India’s IT sector may see a growth in the range of 4-5 per cent in the long run, above the trendline of the past three years, according to a report of HSBC Global Investment Research.
Analysts assumed less
macro volatility in the coming quarters and expected some recovery in growth in FY27, the report from HSBC Global Investment Research said.
The IT services sector is expected to remain sluggish in Q2 FY26, as demand continues to be muted amid macroeconomic uncertainties and the deflationary effects of artificial intelligence. According to HSBC, these conditions are unlikely to improve until FY27, with global headwinds continuing to exert pressure on pricing.

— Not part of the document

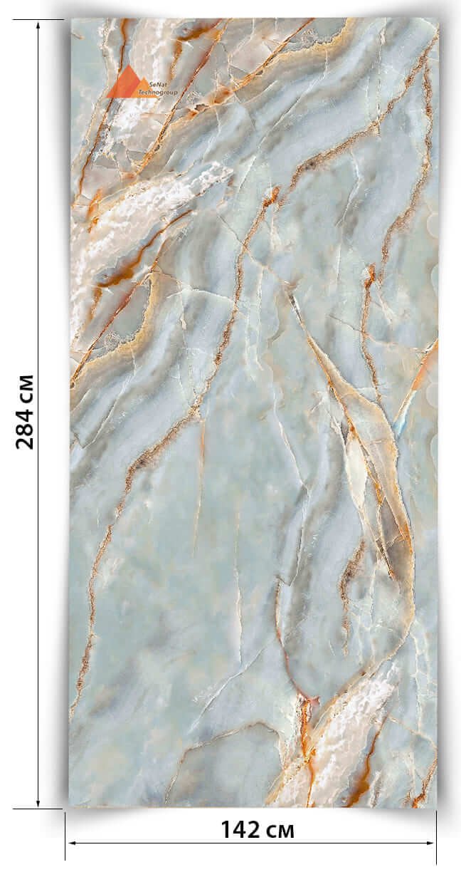 Гибкий мрамор — современный отделочный материал, на 90% состоит из фракции натурального мрамора, закрепленного на гибком основании. Гибкий мрамор «Голубой Оникс» (серия CL). Рисунок данной серии мрамора состоит из четырех листов. Они клеятся в определенном порядке и образуют на поверхности закономерный рисунок. 1-й и 4-й листы также стыкуются между собой.

Despite this, the firm maintained a ‘buy’ rating on several IT stocks.
Vendor consolidation and cost-rationalization deals will keep the growth in line with the first quarter in the second quarter, which HSBC termed as “zero-sum game”.
While US corporate earnings remain relatively strong, companies are still cautious in launching discretionary new initiatives, the research firm observed.
Looking ahead, large-cap IT companies are expected to post sequential dollar growth of 0–2 per cent, whereas mid-tier firms may see growth ranging from a 1 per cent decline to 5.5 per cent. HSBC emphasized that large-cap IT stocks can no longer be viewed as reliable five-year buy-and-hold investments, recommending active management to navigate their cyclical volatility.
IT sector is facing regular troubles due to US tariffs, H-1B visa turmoil and slower demand.